(Directions)
Word for word, restate the lines of the listing below from the line with "Серьги вечерние длинные" through the line with "高一化学--云南省文山壮族苗", and do not include the pictures.

(Data to examine)
⟨

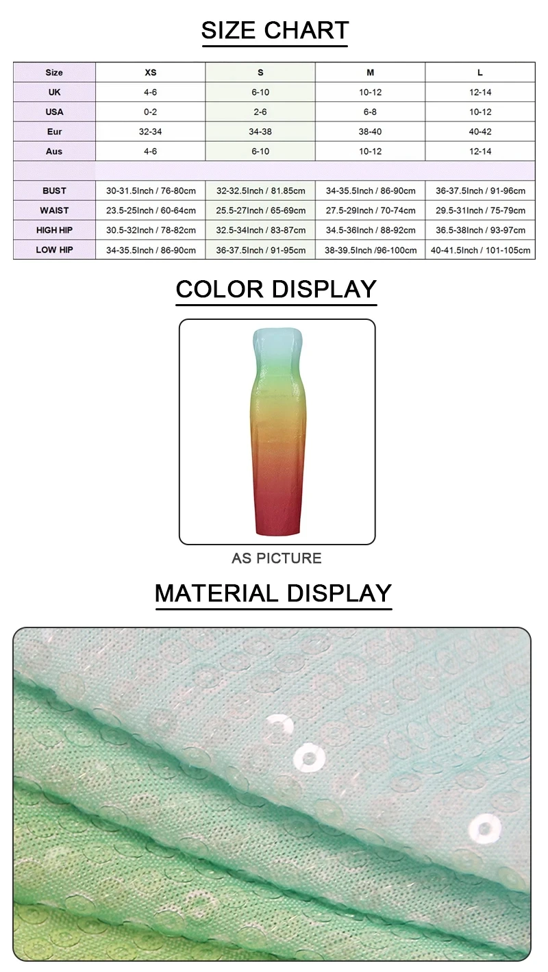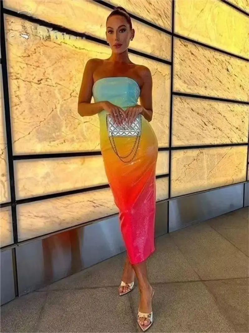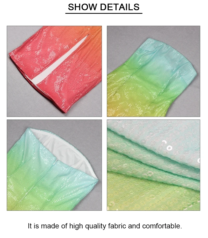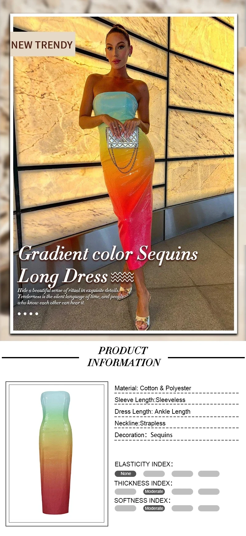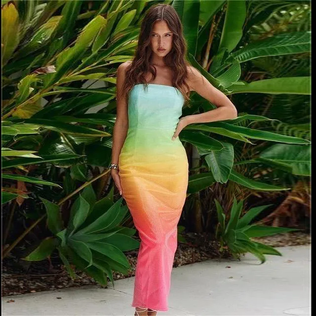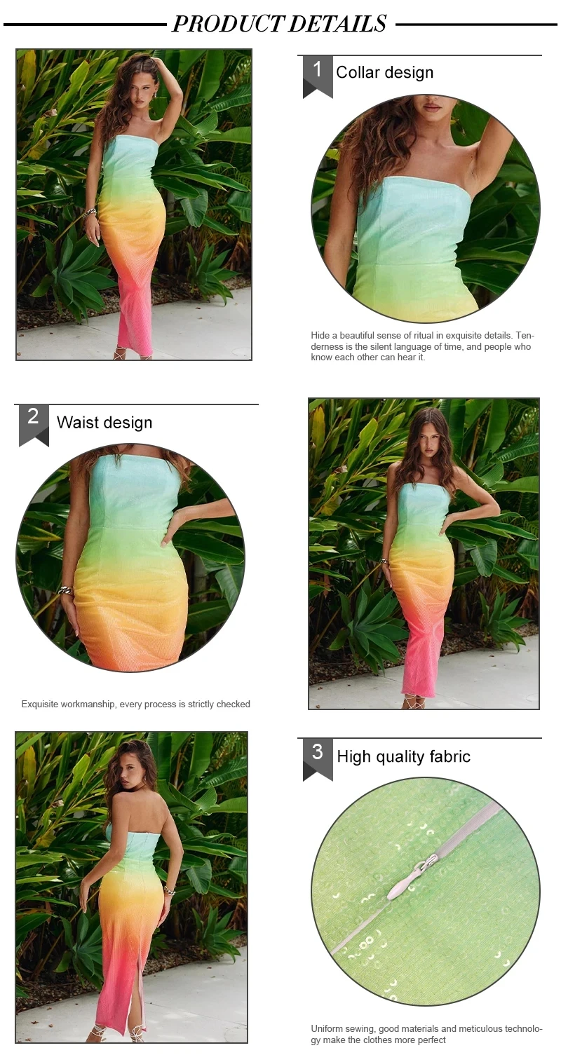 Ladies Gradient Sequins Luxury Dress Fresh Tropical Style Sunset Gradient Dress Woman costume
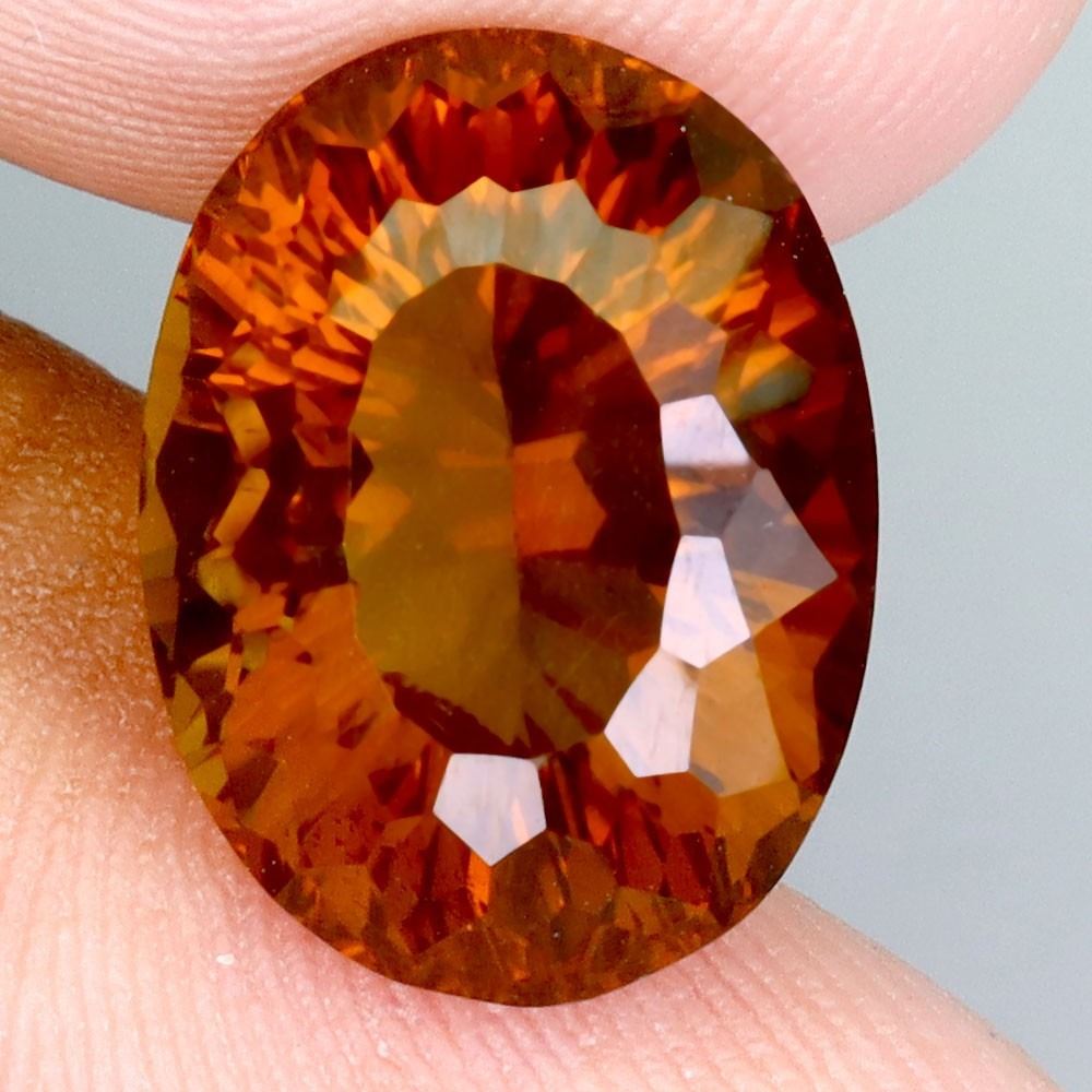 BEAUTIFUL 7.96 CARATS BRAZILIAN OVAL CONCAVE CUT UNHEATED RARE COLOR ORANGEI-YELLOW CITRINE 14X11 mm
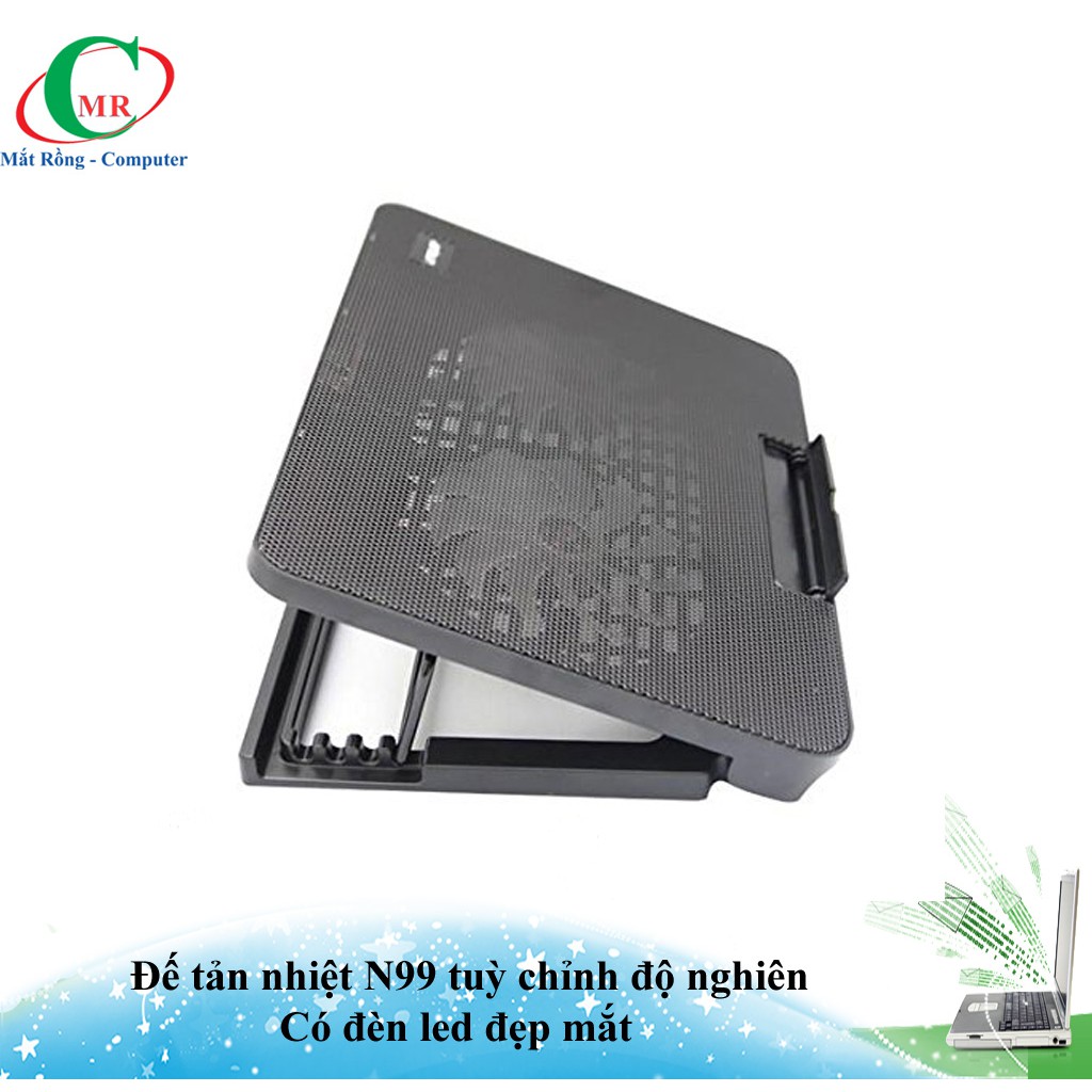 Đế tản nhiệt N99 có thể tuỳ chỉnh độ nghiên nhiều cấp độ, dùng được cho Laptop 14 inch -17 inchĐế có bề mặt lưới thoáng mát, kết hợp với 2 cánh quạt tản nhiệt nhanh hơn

⟩
⟨

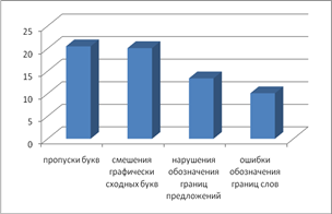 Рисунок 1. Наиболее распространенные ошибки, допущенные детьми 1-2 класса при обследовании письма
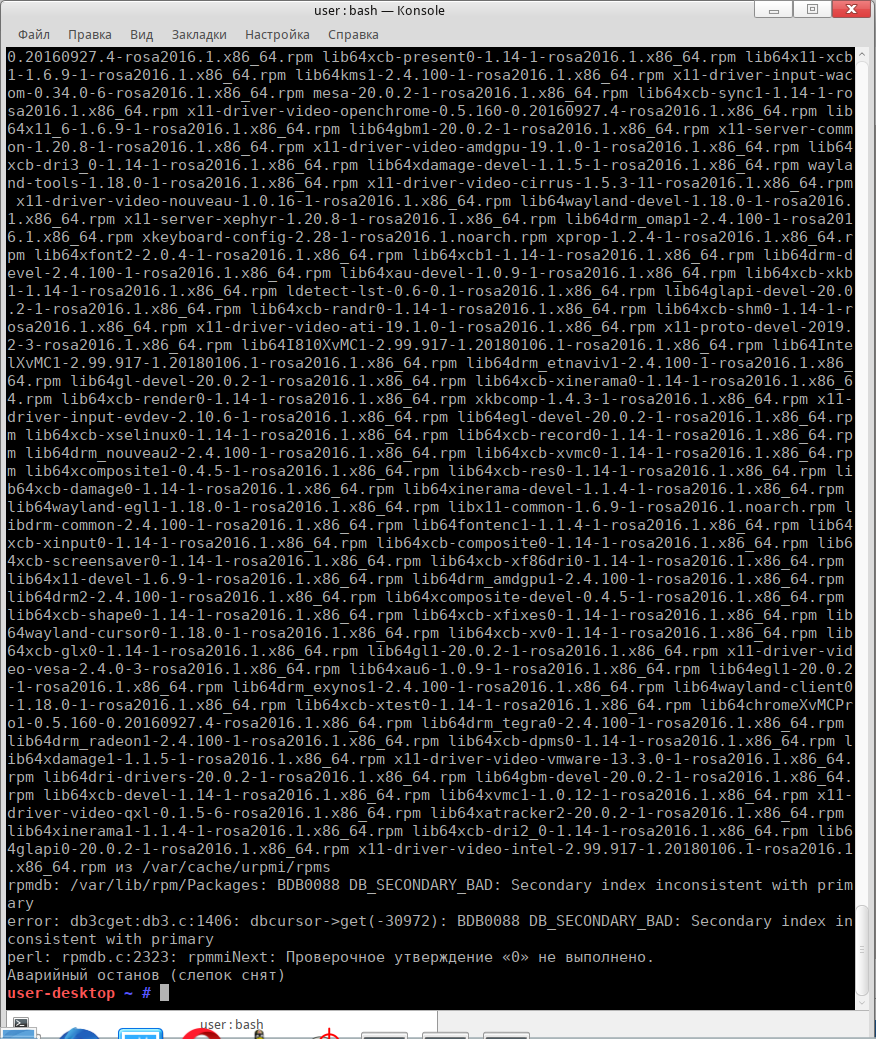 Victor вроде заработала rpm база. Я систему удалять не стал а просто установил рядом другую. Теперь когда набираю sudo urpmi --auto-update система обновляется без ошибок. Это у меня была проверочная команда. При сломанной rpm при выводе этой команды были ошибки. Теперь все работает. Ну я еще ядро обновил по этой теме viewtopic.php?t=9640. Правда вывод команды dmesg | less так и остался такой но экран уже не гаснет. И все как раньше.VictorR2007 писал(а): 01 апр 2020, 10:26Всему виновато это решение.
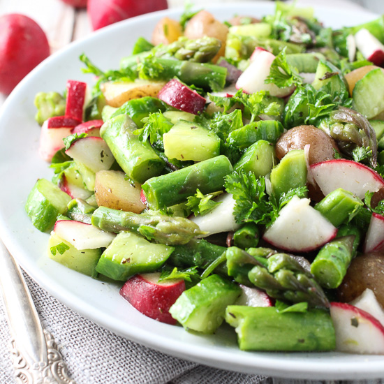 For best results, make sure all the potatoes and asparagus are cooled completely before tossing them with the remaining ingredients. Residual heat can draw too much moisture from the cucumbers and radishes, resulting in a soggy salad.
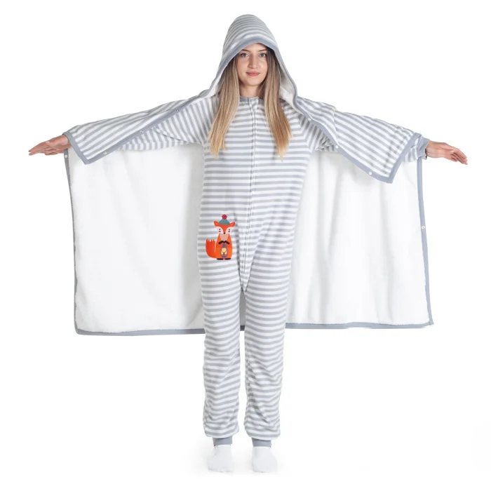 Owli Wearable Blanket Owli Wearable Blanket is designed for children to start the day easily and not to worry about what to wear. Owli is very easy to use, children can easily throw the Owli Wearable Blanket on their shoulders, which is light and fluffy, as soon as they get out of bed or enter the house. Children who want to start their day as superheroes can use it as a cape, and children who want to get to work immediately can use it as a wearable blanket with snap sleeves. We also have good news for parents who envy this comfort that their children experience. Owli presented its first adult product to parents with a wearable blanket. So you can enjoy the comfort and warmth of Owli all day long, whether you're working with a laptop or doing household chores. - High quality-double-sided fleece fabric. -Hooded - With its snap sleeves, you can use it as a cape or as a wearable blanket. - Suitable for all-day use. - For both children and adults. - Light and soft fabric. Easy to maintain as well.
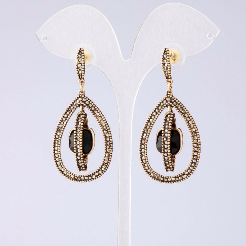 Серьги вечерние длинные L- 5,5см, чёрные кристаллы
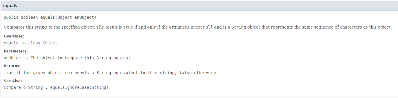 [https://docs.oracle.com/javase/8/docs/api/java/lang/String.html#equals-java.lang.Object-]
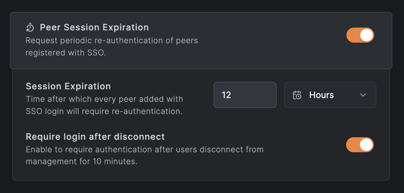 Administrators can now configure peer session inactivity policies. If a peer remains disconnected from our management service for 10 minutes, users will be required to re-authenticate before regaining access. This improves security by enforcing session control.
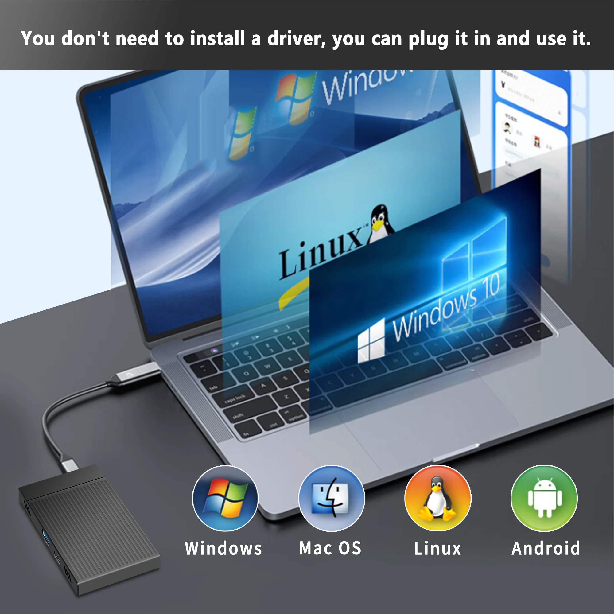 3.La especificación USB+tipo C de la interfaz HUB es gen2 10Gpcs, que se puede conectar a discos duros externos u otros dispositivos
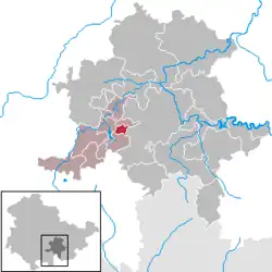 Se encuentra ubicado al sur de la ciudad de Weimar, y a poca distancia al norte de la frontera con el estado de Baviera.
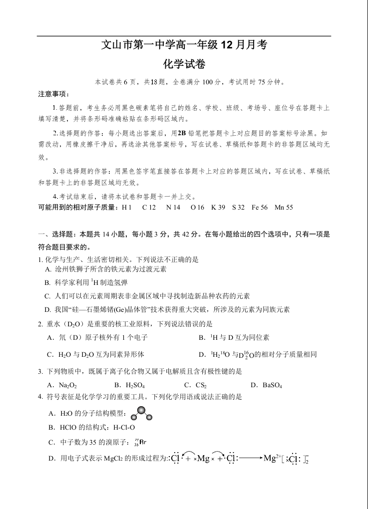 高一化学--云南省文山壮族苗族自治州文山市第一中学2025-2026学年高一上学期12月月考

⟩

(Task answer)
 Серьги вечерние длинные L- 5,5см, чёрные кристаллы
 [https://docs.oracle.com/javase/8/docs/api/java/lang/String.html#equals-java.lang.Object-]
 Administrators can now configure peer session inactivity policies. If a peer remains disconnected from our management service for 10 minutes, users will be required to re-authenticate before regaining access. This improves security by enforcing session control.
 3.La especificación USB+tipo C de la interfaz HUB es gen2 10Gpcs, que se puede conectar a discos duros externos u otros dispositivos
 Se encuentra ubicado al sur de la ciudad de Weimar, y a poca distancia al norte de la frontera con el estado de Baviera.
 高一化学--云南省文山壮族苗族自治州文山市第一中学2025-2026学年高一上学期12月月考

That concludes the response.